I glance at him and then quickly at Dylan, seeing Kade press into their group and force her back away from them, back to the pool wall. He doesn’t touch, and her lips move calmly as she speaks.

“You can’t have Dylan,” I say to Constin.

He looks around the party, still avoiding my eyes. “If you ever figure out what I like about Dylan Trent, you’ll finally understand me.”

“You won’t tell me?”

He hesitates, raising his cup to his lips. “No.”

I look at Ava and then Dylan, wondering what the difference is.

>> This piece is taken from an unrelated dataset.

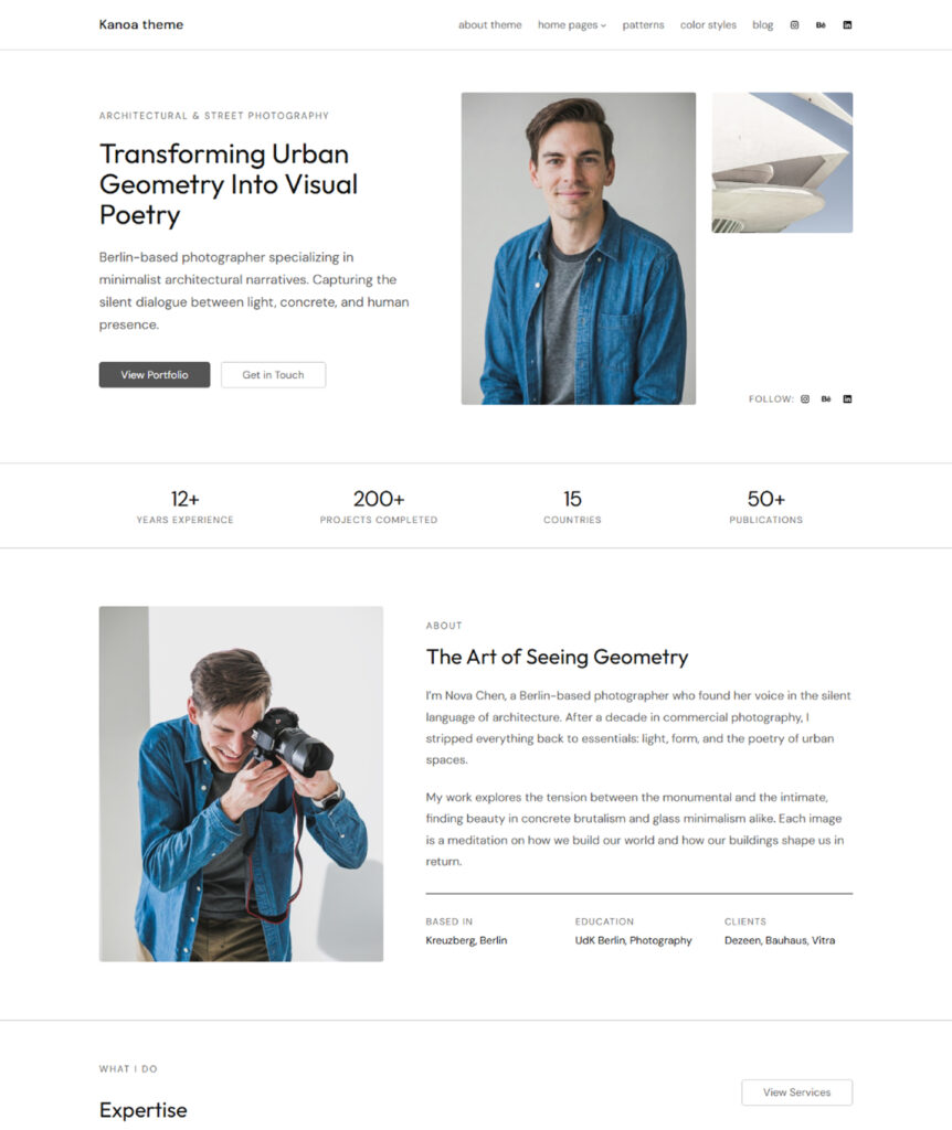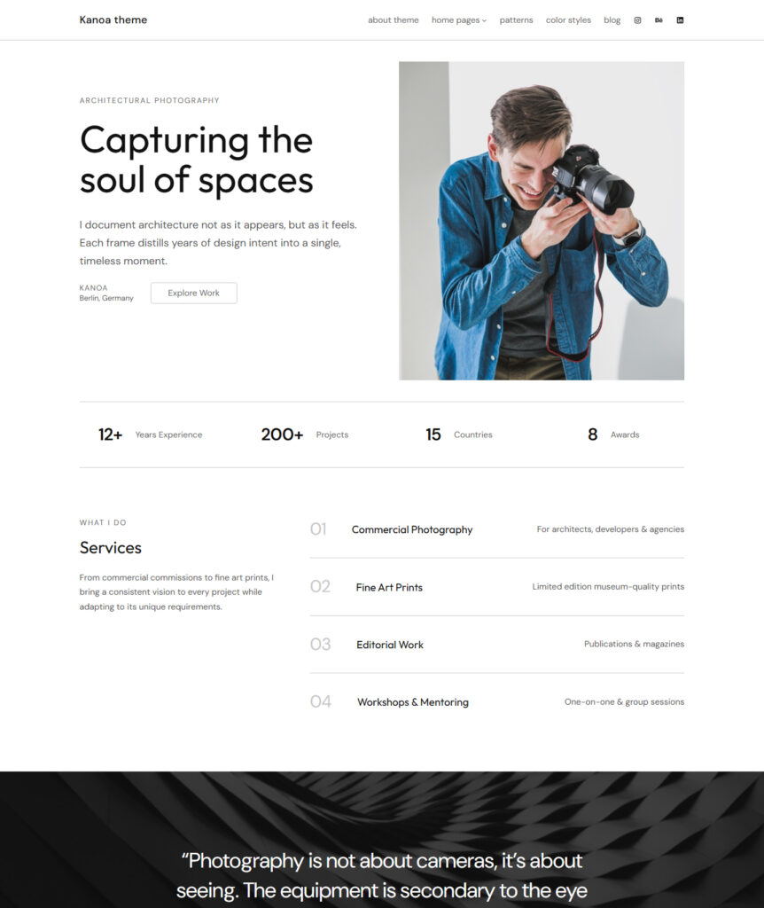 Built for people who create. Whether you’re a photographer, designer, writer, or architect — Kanoa gives your work the spotlight it deserves with thoughtful, distraction-free design.

Both are beautiful, and I didn’t know Ava well, but she was always nice. Maybe a little more pink going on, with her swimsuit and the bandana tied in her hair… Definitely more makeup.

But if he hasn’t spoken to her yet, I have no idea what he finds in one that he’s not seeing in the other.

“You can’t have Dylan,” I say again.

He takes another drink, casting his eyes from lawn chair to lawn chair and face to face. A guy films his friend jumping into the pool, while two others funnel a beer. A group of young women film themselves dancing, and a guy in Crocs urinates on the tree my dad planted with my mom right before Kade and I were born. Food, liquor, and music overflow, everyone wears sunglasses even though it’s night, and none of the keys they had in that bowl when we arrived were for cars that were used, stolen, or paid for out of the drivers’ own pockets. They were supplied by doting moms and dads.